И тут ее осенило: да это же Дик шантажировал Альберта за те драгоценности, которыми он поделился в тот вечер с ним! А может быть, когда-то и Альберт снимал с туземцев украшения? Ведь пропадал он сутками, да и возвращался озлобленным…

– Вот моя расписка!

Дик начал выгребать содержимое карманов, из них вывалились какие-то бумаги, а потом упали на пол и покатились в разные стороны жемчужные бусинки. А ей показалось, что это тяжелые металлические шары – звуки были громкими и глухими… Дик продолжал выворачивать карманы. Потом он протянул к ней руки:

– Ну же, идем ко мне!

Она оттолкнула его и попыталась выбежать из комнаты, но твердая мужская рука легла на плечо и резко развернула ее.
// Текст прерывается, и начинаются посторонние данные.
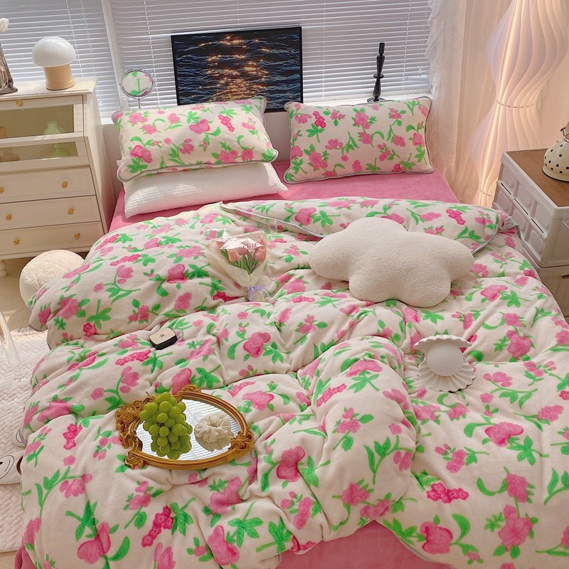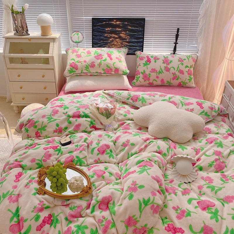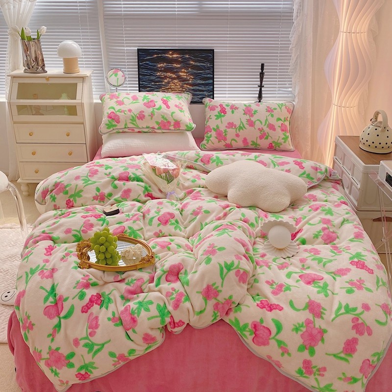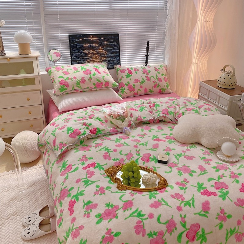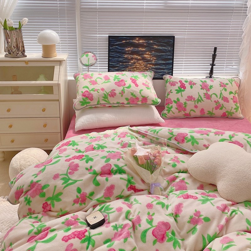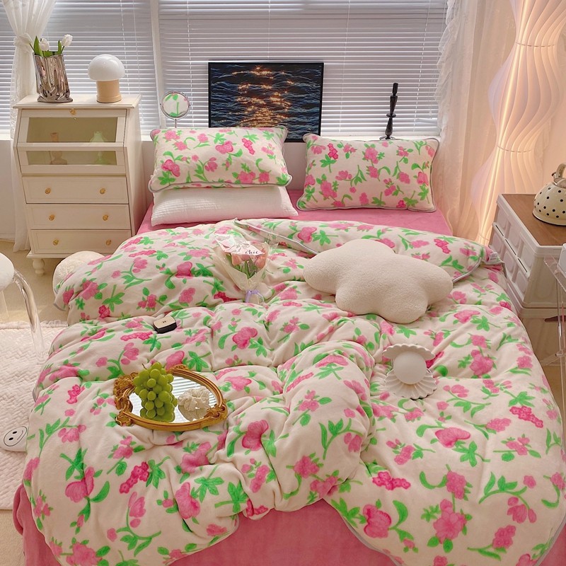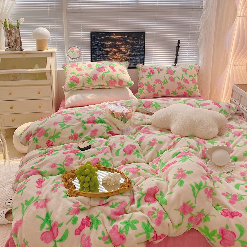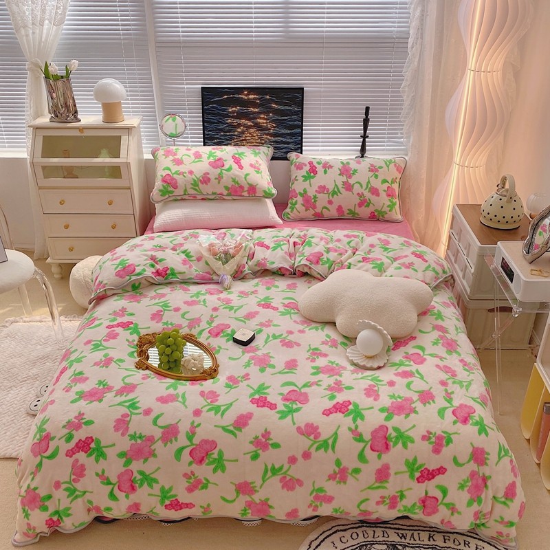 顾里家纺2021新款ins韩国高端保暖牛奶绒四件套春系玫花

– Не нужно суетиться! – низкий хрипловатый голос Дика звучал требовательно, видно, он привык к тому, что все его задумки осуществляются. – И кричать необязательно, здесь никто не услышит… А если будешь сопротивляться – завтра же сдам твоего Альберта со всеми потрохами Крезье, так что арестуют его…
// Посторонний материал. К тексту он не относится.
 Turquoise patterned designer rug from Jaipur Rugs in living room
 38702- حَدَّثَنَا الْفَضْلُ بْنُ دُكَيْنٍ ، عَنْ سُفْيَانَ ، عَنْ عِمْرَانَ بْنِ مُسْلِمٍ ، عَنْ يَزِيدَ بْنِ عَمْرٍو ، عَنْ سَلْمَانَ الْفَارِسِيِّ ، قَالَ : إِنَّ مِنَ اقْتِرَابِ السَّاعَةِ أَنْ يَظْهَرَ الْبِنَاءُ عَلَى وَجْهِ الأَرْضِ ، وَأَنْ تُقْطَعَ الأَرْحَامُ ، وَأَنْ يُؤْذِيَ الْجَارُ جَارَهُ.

– А тебя? – еле выдавила из себя Катарина.

– Я – военный, у меня другие правила игры…

Дик резко дернул ночную сорочку, и тонкая ткань разорвалась на груди почти без звука. Потом он навалился на нее тяжелым телом, и в нем был уже не один, а уж точно – два мешка с овощами… Катарина, почти приплюснутая к кровати, не в силах сбросить с себя эту тяжесть, протянула руку к подставке для напольной вазы и резко дернула ее на себя. В лицо плеснуло прохладной водой, а из падающей тяжелой цветочной вазы посыпались белые лилии. Что первым коснулось ее головы – плотные влажные цветы или же тяжелая керамическая емкость – этого она уже не знала.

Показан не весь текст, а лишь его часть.